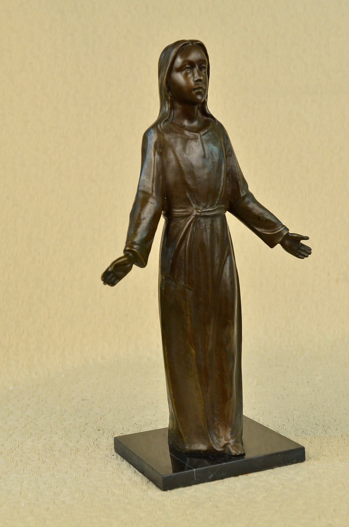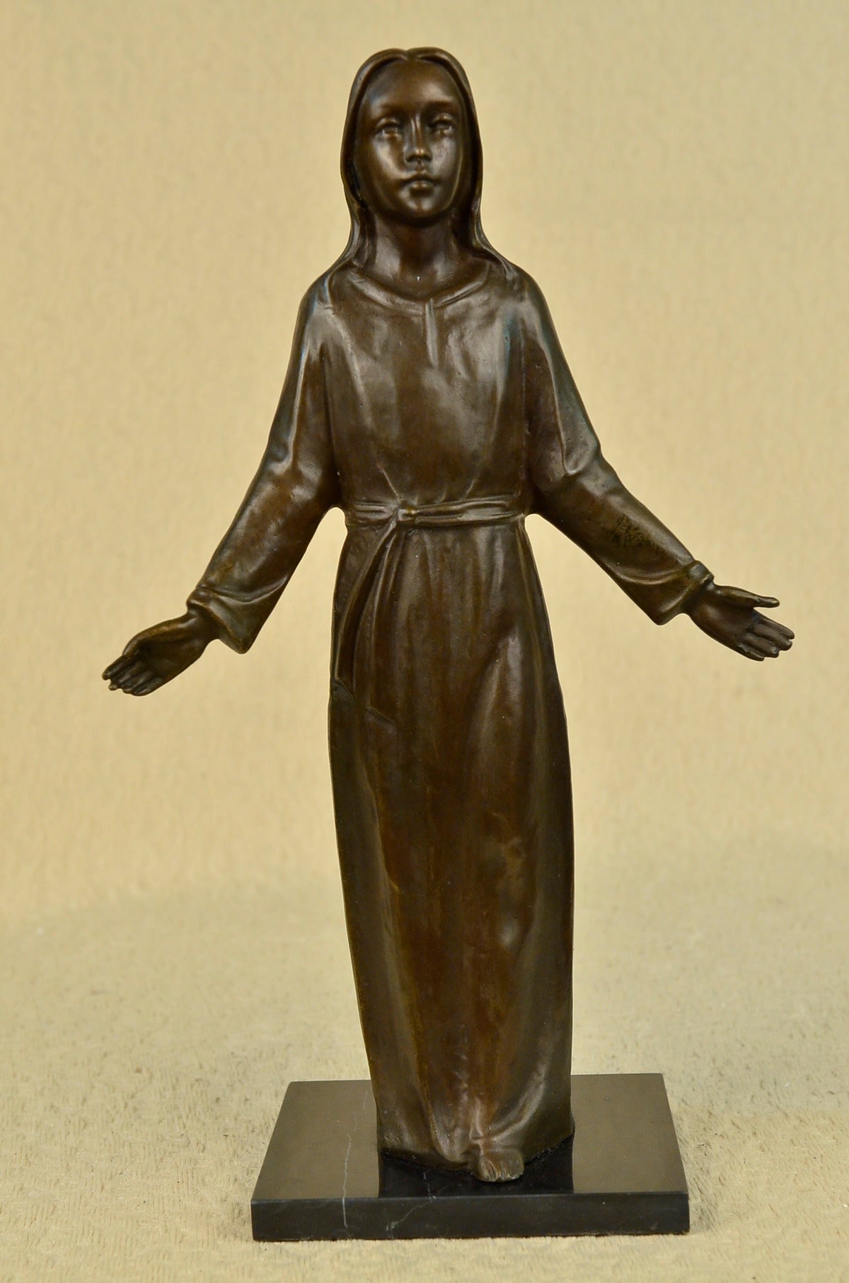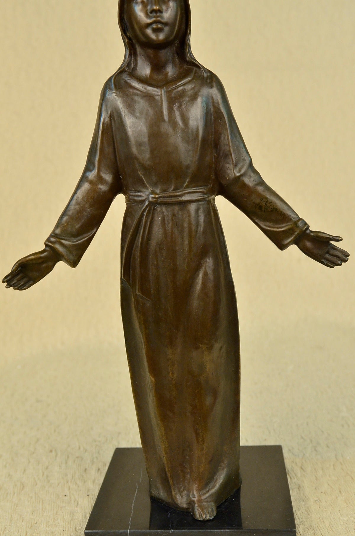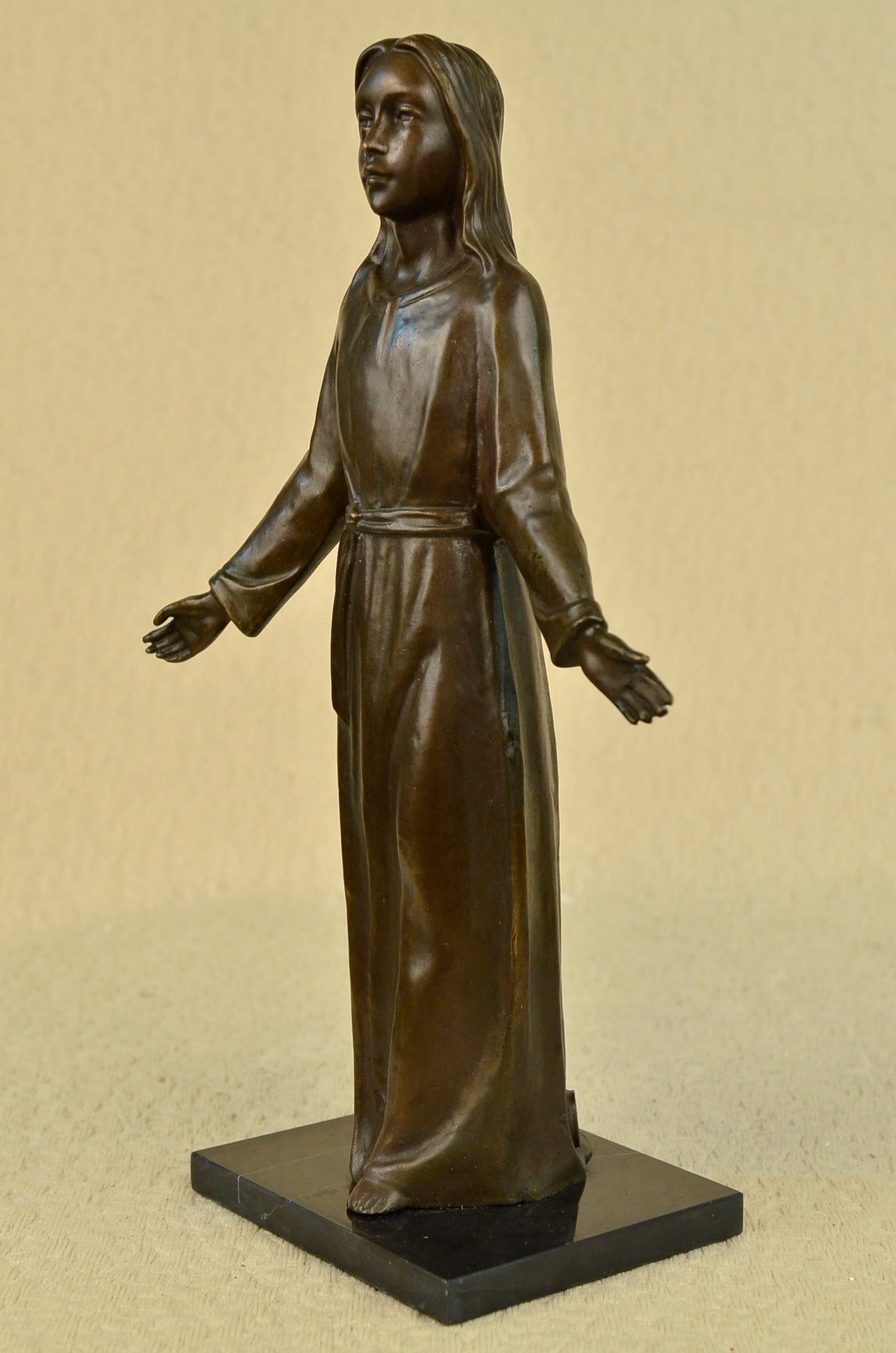 This unique piece is a work of art of a young Jesus is beautiful, his hands are spread to his sides as he gracefully smiles. He wears a full body robe that ties around his waist. His hair is straight down his back, as he stand barefoot he looks up to the sky and prays for all man kind. Thanking his father above for all he has giving us and as well as asking for forgiveness for all who sin before him. This image was molded by using the lost-wax method of casting. This powerful sculpture is finished with brown patina and is mounted upon a black marble base signed by the artist Franz Von Stuck. Stuck was born at Tettenweis, in Bavaria. From an early age he displayed an affinity for drawing and caricature. To begin his artistic education in 1878 he went to Munich, where he would settle for life. From 1881 to 1885 Stuck attended the Munich Academy. He first made a name with cartoons for Fliegende Blätter, and vignette designs for programmes and book decoration. In 1889 he exhibited his first paintings at the Munich Glass Palace, winning a gold medal for The Guardian of Paradise. In 1892 Stuck co-founded the Munich Secession, and also executed his first sculpture, Athlete. The following year he won further acclaim with the critical and public success of what is now his most famous work, The Sin. Also in 1893, Stuck was awarded a gold medal for painting at the Chicago World`s Fair and was appointed to a royal professorship. In 1895 he began teaching painting at the Munich Academy. In 1897 Stuck married an American widow, Mary Lindpainter, and began work designing his own residence and studio, the Villa Stuck. His designs for the villa included everything from layout to interior decorations; for his furniture Stuck received another gold medal at the 1900 Paris World Exposition.Having attained a high degree of fame by this time, Stuck was elevated to the aristocracy on December 9, 1905 and would receive further public honours from around Europe during the remainder of his life. Even as new trends in art left Stuck behind, he continued to be highly respected among young artists in his capacity as professor at the Munich Academy. Notable students of his over the years include Paul Klee, Hans Purrmann, Wassily Kandinsky, and Josef Albers. Franz von Stuck died in 1928; his funeral address memorialized him as "the last prince of art of Munich`s great days". He is buried in the Munich Waldfriedhof next to his wife Mary.Sale$&
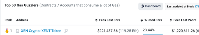 Curious why your ETH txns have been so expensive in the last 24 hrs? This XEN token has been consuming up to 90% of gas per block in single txns.
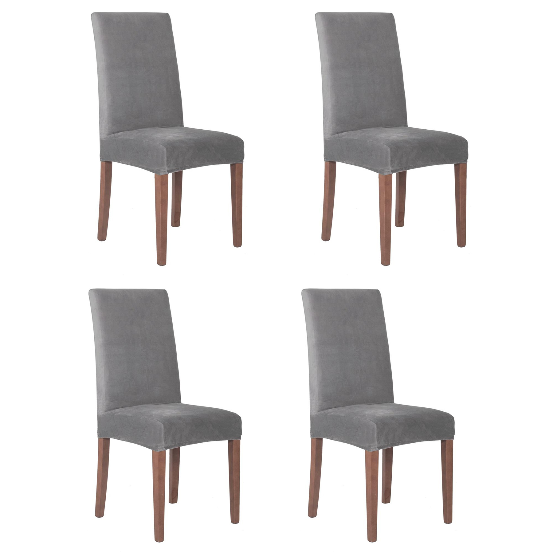 Set 4 huse universale pentru scaun, gri, elastice, tip catifea
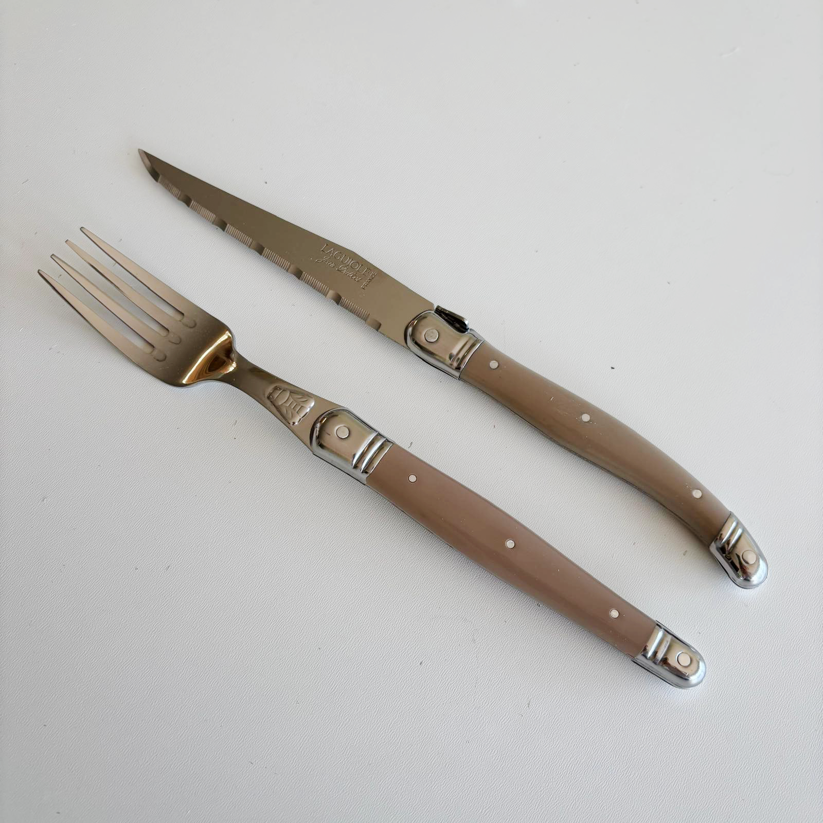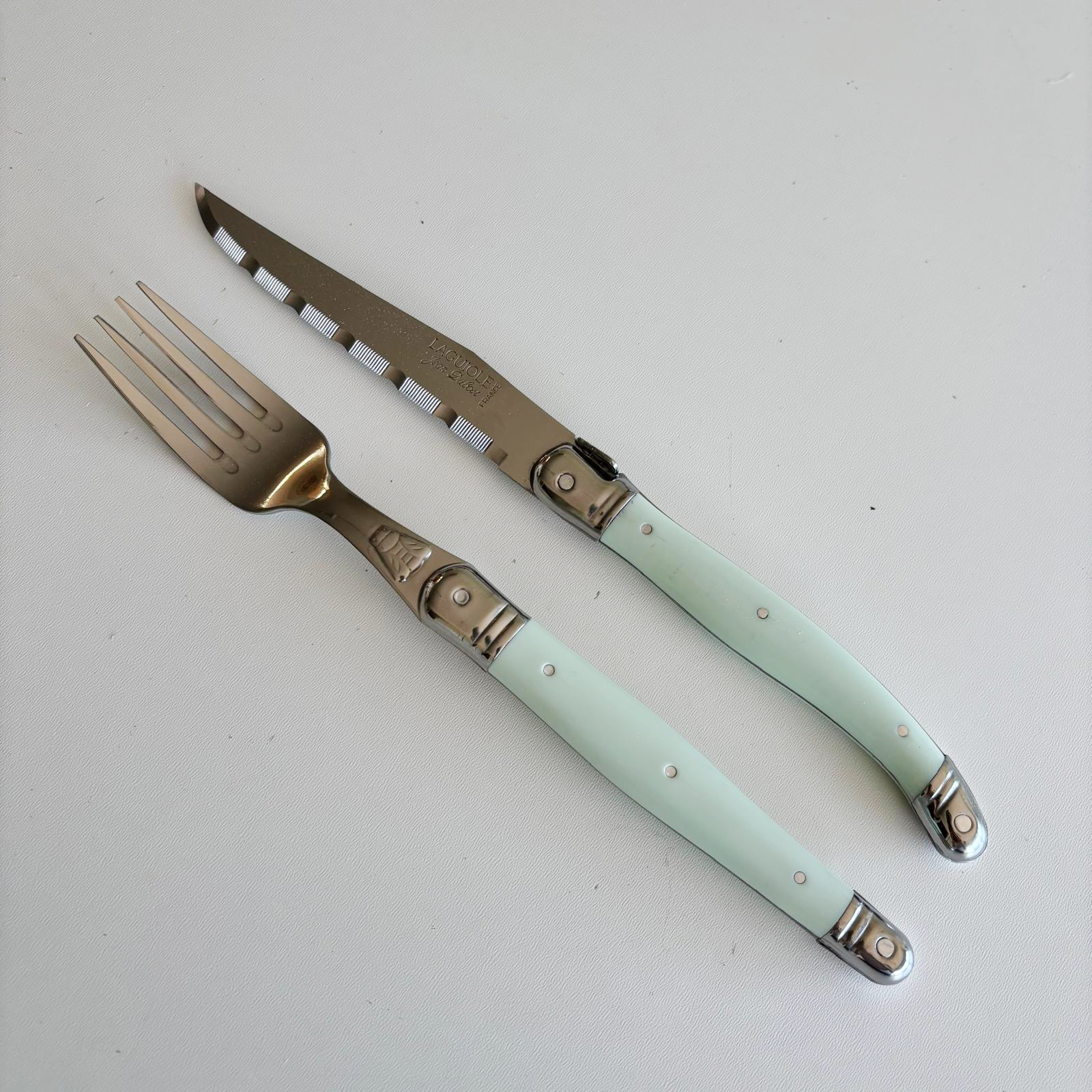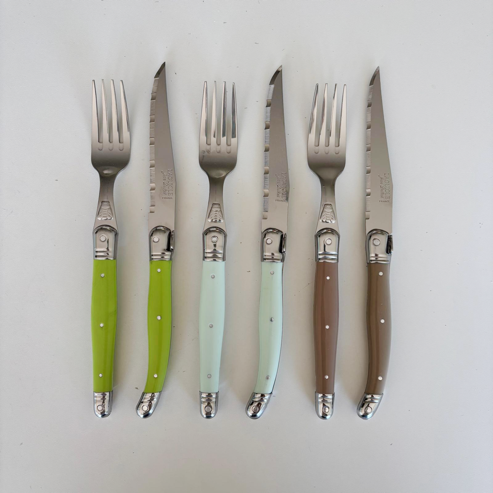 Deze 12-delige Laguiole bestekset wordt gemaakt in het honderd jaar oude Franse familiebedrijf Jean Dubost. De vlijmscherpe, stijlvolle en solide messen liggen erg goed in de hand en hebben een staaldikte van 1,2 mm. De bijbehorende vorken hebben een staaldikte van 1,5 mm. Het heft is gemaakt van acrylaat (PMMA) een sterke kunststof. De kleur zal er niet afslijten omdat deze door het hele heft is aangebracht. Het roestvrijstalen steakmes lemmet is gekarteld en uitstekend geschikt voor het snijden van steaks, lamsvlees, barbecue gerechten, pizza's, wild en rollades. De set is volledig geproduceerd in Frankrijk en verpakt in een kistje van hout, voorzien van echtheidscertificaat. De messen en vorken kunnen zonder problemen in de vaatwasmachine hoewel sommige gebruikers bij voorkeur de messen met de hand wassen omdat ze dan langer scherp zouden blijven. Het ideale geschenk voor thuiskoks en culinaire liefhebbers!

****

» **WORK INSTRUCTIONS**
Copy the listing exactly but drop its images.

» **OUTPUT BELOW**
 This unique piece is a work of art of a young Jesus is beautiful, his hands are spread to his sides as he gracefully smiles. He wears a full body robe that ties around his waist. His hair is straight down his back, as he stand barefoot he looks up to the sky and prays for all man kind. Thanking his father above for all he has giving us and as well as asking for forgiveness for all who sin before him. This image was molded by using the lost-wax method of casting. This powerful sculpture is finished with brown patina and is mounted upon a black marble base signed by the artist Franz Von Stuck. Stuck was born at Tettenweis, in Bavaria. From an early age he displayed an affinity for drawing and caricature. To begin his artistic education in 1878 he went to Munich, where he would settle for life. From 1881 to 1885 Stuck attended the Munich Academy. He first made a name with cartoons for Fliegende Blätter, and vignette designs for programmes and book decoration. In 1889 he exhibited his first paintings at the Munich Glass Palace, winning a gold medal for The Guardian of Paradise. In 1892 Stuck co-founded the Munich Secession, and also executed his first sculpture, Athlete. The following year he won further acclaim with the critical and public success of what is now his most famous work, The Sin. Also in 1893, Stuck was awarded a gold medal for painting at the Chicago World`s Fair and was appointed to a royal professorship. In 1895 he began teaching painting at the Munich Academy. In 1897 Stuck married an American widow, Mary Lindpainter, and began work designing his own residence and studio, the Villa Stuck. His designs for the villa included everything from layout to interior decorations; for his furniture Stuck received another gold medal at the 1900 Paris World Exposition.Having attained a high degree of fame by this time, Stuck was elevated to the aristocracy on December 9, 1905 and would receive further public honours from around Europe during the remainder of his life. Even as new trends in art left Stuck behind, he continued to be highly respected among young artists in his capacity as professor at the Munich Academy. Notable students of his over the years include Paul Klee, Hans Purrmann, Wassily Kandinsky, and Josef Albers. Franz von Stuck died in 1928; his funeral address memorialized him as "the last prince of art of Munich`s great days". He is buried in the Munich Waldfriedhof next to his wife Mary.Sale$&
 Curious why your ETH txns have been so expensive in the last 24 hrs? This XEN token has been consuming up to 90% of gas per block in single txns.
 Set 4 huse universale pentru scaun, gri, elastice, tip catifea
 Deze 12-delige Laguiole bestekset wordt gemaakt in het honderd jaar oude Franse familiebedrijf Jean Dubost. De vlijmscherpe, stijlvolle en solide messen liggen erg goed in de hand en hebben een staaldikte van 1,2 mm. De bijbehorende vorken hebben een staaldikte van 1,5 mm. Het heft is gemaakt van acrylaat (PMMA) een sterke kunststof. De kleur zal er niet afslijten omdat deze door het hele heft is aangebracht. Het roestvrijstalen steakmes lemmet is gekarteld en uitstekend geschikt voor het snijden van steaks, lamsvlees, barbecue gerechten, pizza's, wild en rollades. De set is volledig geproduceerd in Frankrijk en verpakt in een kistje van hout, voorzien van echtheidscertificaat. De messen en vorken kunnen zonder problemen in de vaatwasmachine hoewel sommige gebruikers bij voorkeur de messen met de hand wassen omdat ze dan langer scherp zouden blijven. Het ideale geschenk voor thuiskoks en culinaire liefhebbers!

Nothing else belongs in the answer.